--- Data section ---
-- Opening Marker --
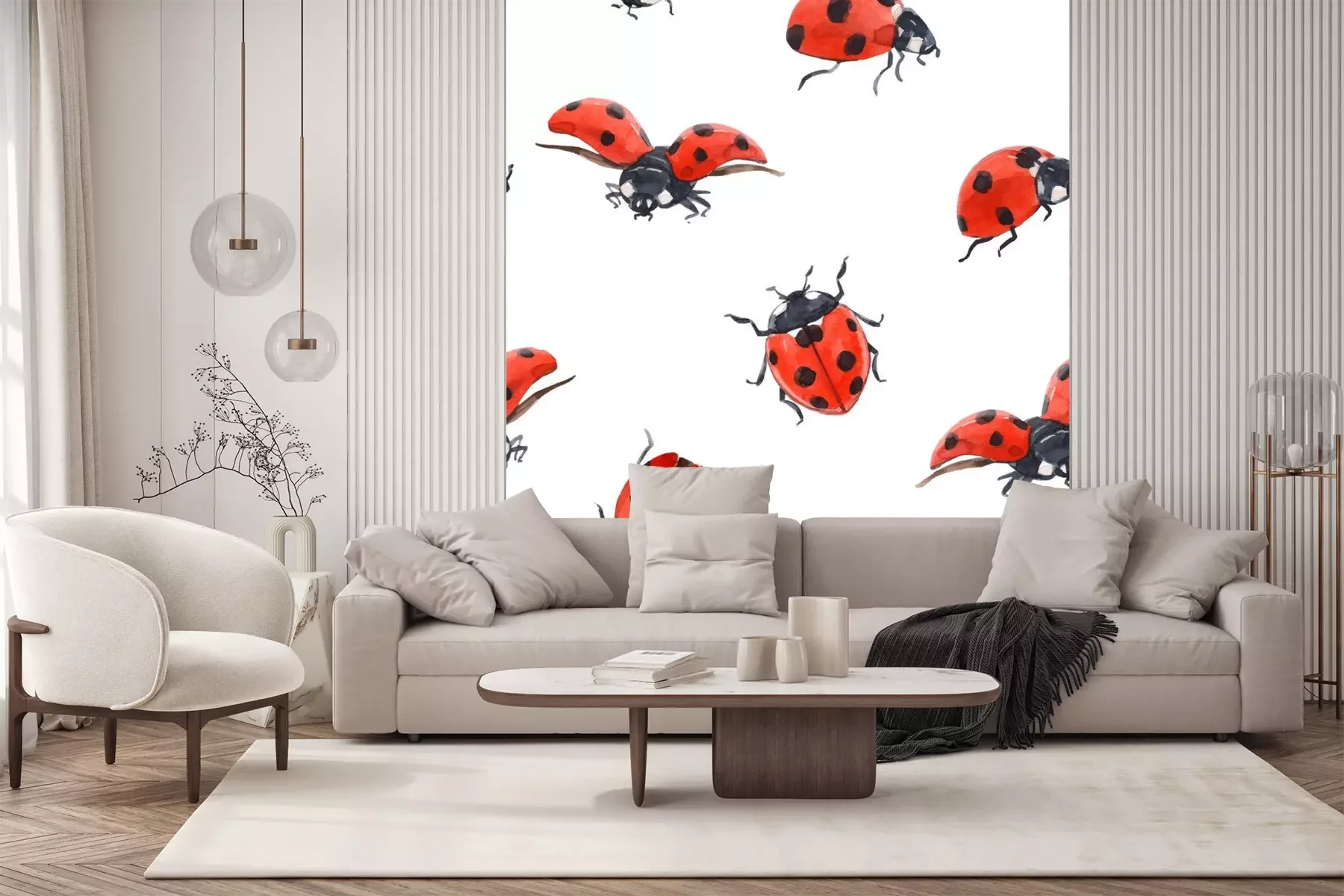Sticker Aquarell-Marienkäfer auf weißem Hintergrund
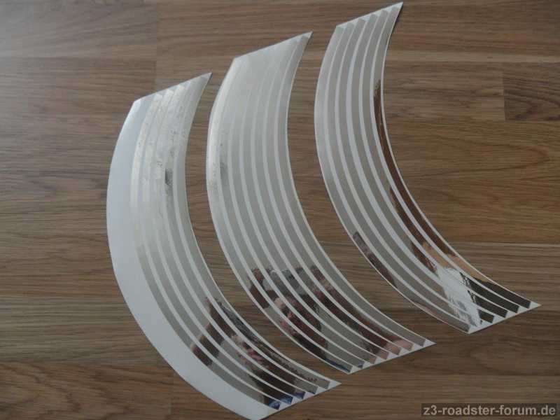 ich biete euch hier einen Satz Chromlook Felgenrand Aufkleber (8mm) für 17 Zoll Felgen an. Er besteht aus 18 vorgekrümmten Viertelkreisen (16 werden benötigt, also 2 als Reserve
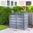 Diese Mülltonnenbox bietet Platz für zwei Mülltonnen bis 240 Liter und vereint modernes Design mit hoher Funktionalität. Gefertigt aus verzinktem, pulverbeschichtetem Stahl in der Farbe Anthrazitgrau RAL 7016, ist sie wetterfest und korrosionsbeständig. Mit einem Soft-Close-Deckel und Gasdruckfedern ermöglicht sie ein leises und bequemes Öffnen. Die integrierten Schlösser und das Kettenzug-System sorgen für Sicherheit und Hygiene.
-- Closing Marker --
--- Your objective ---
Repeat the listing word for word, but without its pictures.

--- Answer box ---
Sticker Aquarell-Marienkäfer auf weißem Hintergrund
 ich biete euch hier einen Satz Chromlook Felgenrand Aufkleber (8mm) für 17 Zoll Felgen an. Er besteht aus 18 vorgekrümmten Viertelkreisen (16 werden benötigt, also 2 als Reserve
 Diese Mülltonnenbox bietet Platz für zwei Mülltonnen bis 240 Liter und vereint modernes Design mit hoher Funktionalität. Gefertigt aus verzinktem, pulverbeschichtetem Stahl in der Farbe Anthrazitgrau RAL 7016, ist sie wetterfest und korrosionsbeständig. Mit einem Soft-Close-Deckel und Gasdruckfedern ermöglicht sie ein leises und bequemes Öffnen. Die integrierten Schlösser und das Kettenzug-System sorgen für Sicherheit und Hygiene.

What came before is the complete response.